Movie Review: Live Action ‘Mulan’

Since the release of a live-action Alice in Wonderland in 2010, Disney has pushed out an impressive 13 live-action classics, the most recent being Mulan on September 4th, 2020.

Available with a $30 streaming fee until November 4th, when it will be free to all Disney+ members, the intense combination of vibrant colors, traditional Chinese scenery and a beautiful all-Asian cast make for a stunning two hours.  

Director Niko Caro altered many characters. New installments included soldier and love interest Chen Hongui, played by Yoson An, as well as female villain Xian Lang, played by Gong Li.

Unfortunately, the loveable Mushu was not present, but rather replaced by a phoenix. While the phoenix was a beautiful addition, the absence of such a well-loved character was taken with much disappointment by viewers. 

The magical elements were installed in different ways than in the original animation. In my opinion, a positive example would be the fact that animated Hun leader Shan Yu’s falcon is a shape shifting witch in the live-action film.
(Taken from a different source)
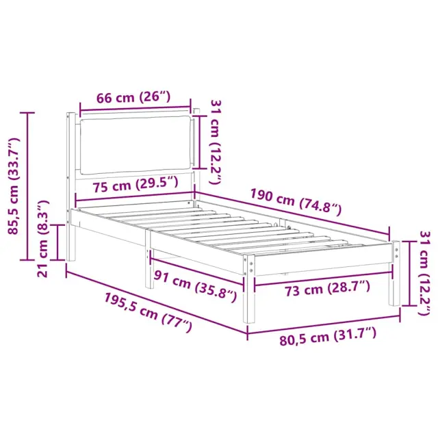 • Splošne dimenzije: 195,5 x 80,5 x 85,5 cm (D x Š x V)

However, I’d consider a negative example to be the film’s more realistic portrayal of battle. The image of the Huns appearing over a large snowy mountain and rushing towards the Chinese troops is a beautiful and familiar scene, but in the live-action there is only a small troop coming over a dry hill. 

Part of the allure of many Disney princess classics is the musical aspect, as the animated Mulan boasts a 6-song soundtrack with classics such as “Reflection” and “I’ll Make a Man Out of You.”

The live-action rendition includes not one familiar nor original tune, and for those that dislike musicals, this may be considered a win. However, many Disney fanatics are lovers of a good soundtrack, and therefore this alteration may not exactly be taken in with open arms.  

As for the pace, the film had a rather fast beginning and transition to middle, but the running time of scenes in the second half felt awkward in comparison to the first half of the movie. I felt that as the movie turned to its final third, it began to feel rather drawn-out. 

Getting into the numbers, critics at Rotten Tomatoes rated Mulan a 75%, while the average audience member rated it a 51%. While the artistic appeal may have been strong, it is evident that its general appeal to the audience was not as successful.

For viewers who hold the original plot, characters, and overall feel of Mulan close to their hearts, the live-action adaptation may not live up to one’s expectations. However, if you are somebody who appreciates the realism of live-action and stunning stills, this may be more up your alley.